Accordingly, van Wijngaarden says this challenge has become a major driver for the development of artificial intelligence (AI) solutions. These are being developed for a variety of indications in eye health, but chief amongst these are tools to support image analysis – such as algorithms that can detect and triage retinal diseases from OCT images.
These tools, he says, promise to streamline the analysis and interpretation of complex imaging data. Some systems have the ability highlight key image features that may be of interest to the clinician.
“Analysis is, however, only one part of the big data challenge. Data collection, curation and storage are important considerations, as are data security and privacy. The capacity to link diverse sources of data for a given patient, such as imaging, demographic and clinical data are also important challenges,” he says.

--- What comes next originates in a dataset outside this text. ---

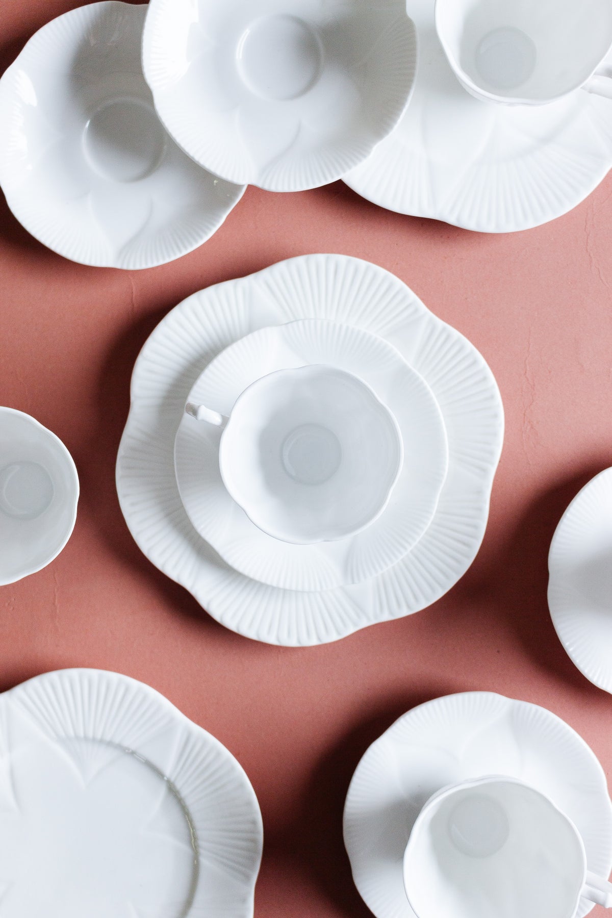 We came across this gorgeous set at a brocante in France! It looks seamless but upon closer inspection,  it is revealed as a combined set of Shelley and Royal Albert pieces!

In terms of data storage, van Wijngaarden says each image file is large and many images may be acquired in a given consultation, meaning the challenge of scale becomes significant in a short space of time. There is also the problem of bandwidth for upload to cloud storage – an issue in many clinical sites, especially in rural and remote settings.
Privacy and data security are also considered important factors. International media have reported major breaches, with the National Health Service illegally handing Google-owned artificial intelligence company DeepMind 1.6 million patient records for a trial – without patient consent.
Possibly even larger breaches have also been reported in the US.
Clinical data is also integral for the training of AI systems, and that data has value attached to it. Companies are amassing large clinical databases of eyecare data, which will undoubtedly be monetised in future.
van Wijngaarden says the European General Data Protection Regulations (GDPR) is setting a new bar for privacy and data security.
Key principles enshrined in the GDPR are that personal data can only be used under six lawful bases (consent, contract, public task, vital interest, legitimate interest, legal requirement) and a key aspect of the provision of data under consent is the right of the data subject to revoke that consent at any time.
This also extends to the right to erasure – the ability for the data subject to request that their data is erased at any time. This poses a raft of technical challenges for companies using large amounts of health data. Similar controls are being applied in other jurisdictions.
“Technology may also constitute part of the solution – blockchain, for instance may be used to embed consent with the data itself.
“This may help to ensure that data is only used for the purposes for which consent has been granted and that consent remains linked with the data,” van Wijngaarden explains.
Finally, van Wijngaarden says it is vitally important that healthcare providers are given access to these data in a convenient, comprehensible and secure manner to translate its potential into improved healthcare for patients. This has implications for technology developers, but also for the training and education of healthcare providers who are increasingly required to be expert informaticians.
“In the torrents of data and technology healthcare providers must not lose sight of the empathy and compassion that is the foundation of the care in health.”